Despite everything, I laugh. The memory of sixteen-year-old Emma, straight-faced as she described to my mother how theearthquake had been “highly localized” and “most likely the result of underground tectonic anomalies specific to the Ohio River Valley.” Mom hadn’t believed us for a second, but she’d been so impressed with the elaborate explanation that we’d gotten off with just extra chores.

“That was a terrible excuse.”

“It worked, didn’t it? Now, are you going to help me modify this presentation to show exactly why Brighton’s one-size-fits-all approach can’t match our customized sustainability solutions, or do I need to start researching sudden-onset synchronized swimming as a business strategy?”

“You heard about that?”

“Lucas, everyone heard about that. There’s still a video somewhere of you teaching Morton the backstroke while explaining quarterly projections.”

The annual partners’ retreat at Matthews & Sterling had been unbearably stuffy until someone (me) suggested that the strategy discussion might be more productive by the pool. By midnight, I had the entire financial team demonstrating how our investment approach was like synchronized swimming—perfectly coordinated while appearing effortless to observers. The demonstration had become something of a company legend, earning me respect for innovative thinking and a reputation for unconventional methods.

I should be professional. I should maintain boundaries and not spend the next six hours in close quarters with the one person who makes me forget about boards, expectations, and legacies. The one person who makes me believe we might pull this off, not just for the company but for what we could build together.
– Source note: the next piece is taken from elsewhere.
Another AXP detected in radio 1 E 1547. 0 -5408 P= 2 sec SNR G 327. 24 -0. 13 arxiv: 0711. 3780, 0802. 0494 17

I should send her an email with bullet points and schedule a brief meeting an hour before the presentation.

“I’ll bring coffee,” I say instead. “Decaf.”
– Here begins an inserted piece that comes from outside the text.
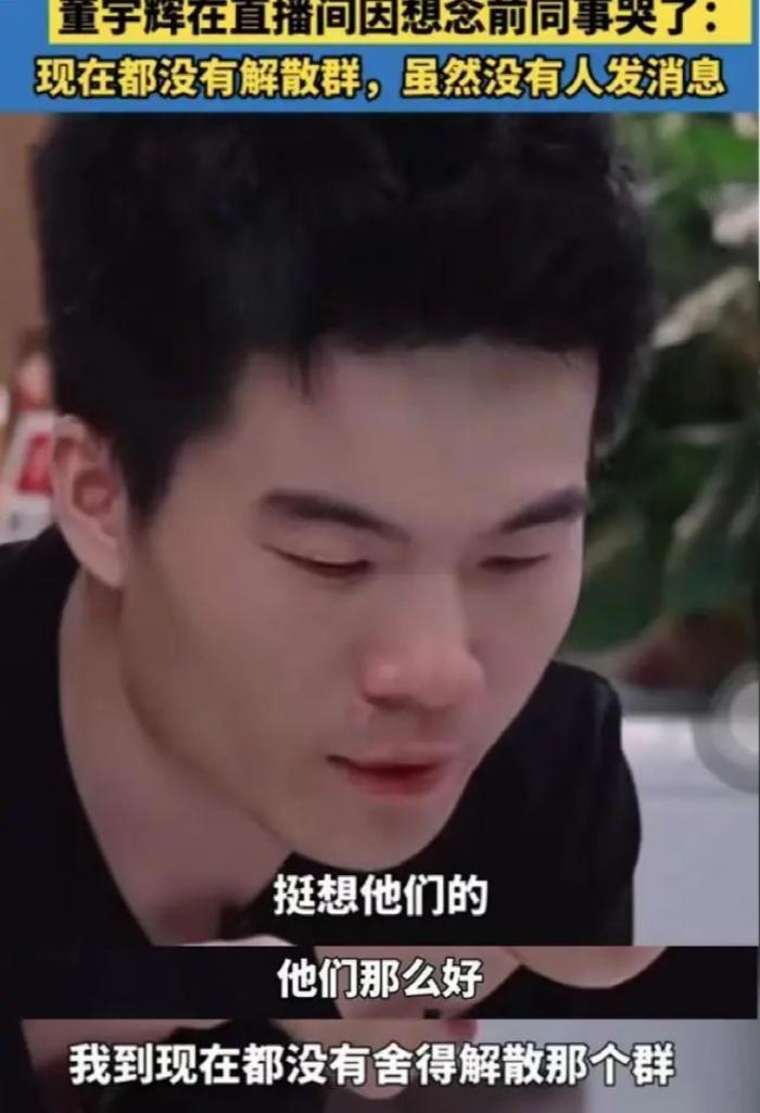 此前董宇辉在东方甄选直播间谈及新东方前同事时数次哽咽,泪洒直播间。“现在都没有解散那个群,挺想他们的,等新东方好的时候把他们再接回来。”董宇辉说道。

“Probably wise.” Something else crashes in the background. “Oh, and Lucas?”

“Yeah?”

“I really do still have your…” She hesitates, and then her voice softens. “Never mind.”

I wait, the moment stretching between us, something unspoken hanging in the air. Even through the phone, I can feel the weight of it.

This is exactly what Project Phoenix represents—revolutionary ideas in a package traditional enough for the board to accept. That’s what we’ve always done best—rebellion wrapped in convention.

The line clicks dead before I can say goodbye, leaving me grinning at my phone like an idiot. My father’s photo seems to be judging me even harder now, his stern expression is a reminder of all the ways I’m handling this differently than he would have.

But maybe that’s the point. Dad built Walker Enterprises by following his instincts about people as much as markets. He saw something in Emma worth nurturing. Maybe this is exactly what he would have done, just with more gravitas and fewer coffee incidents.

Six hours to save the company’s biggest account, prove ourselves to the board, maintain professional boundaries with the woman who still sets my pulse racing, and maybe save the future of sustainable energy in the process.

No pressure.

Chapter Six

Emma

Five hours and forty-three minutes until the Johnson presentation, and I can’t stop staring at Lucas’s forearms.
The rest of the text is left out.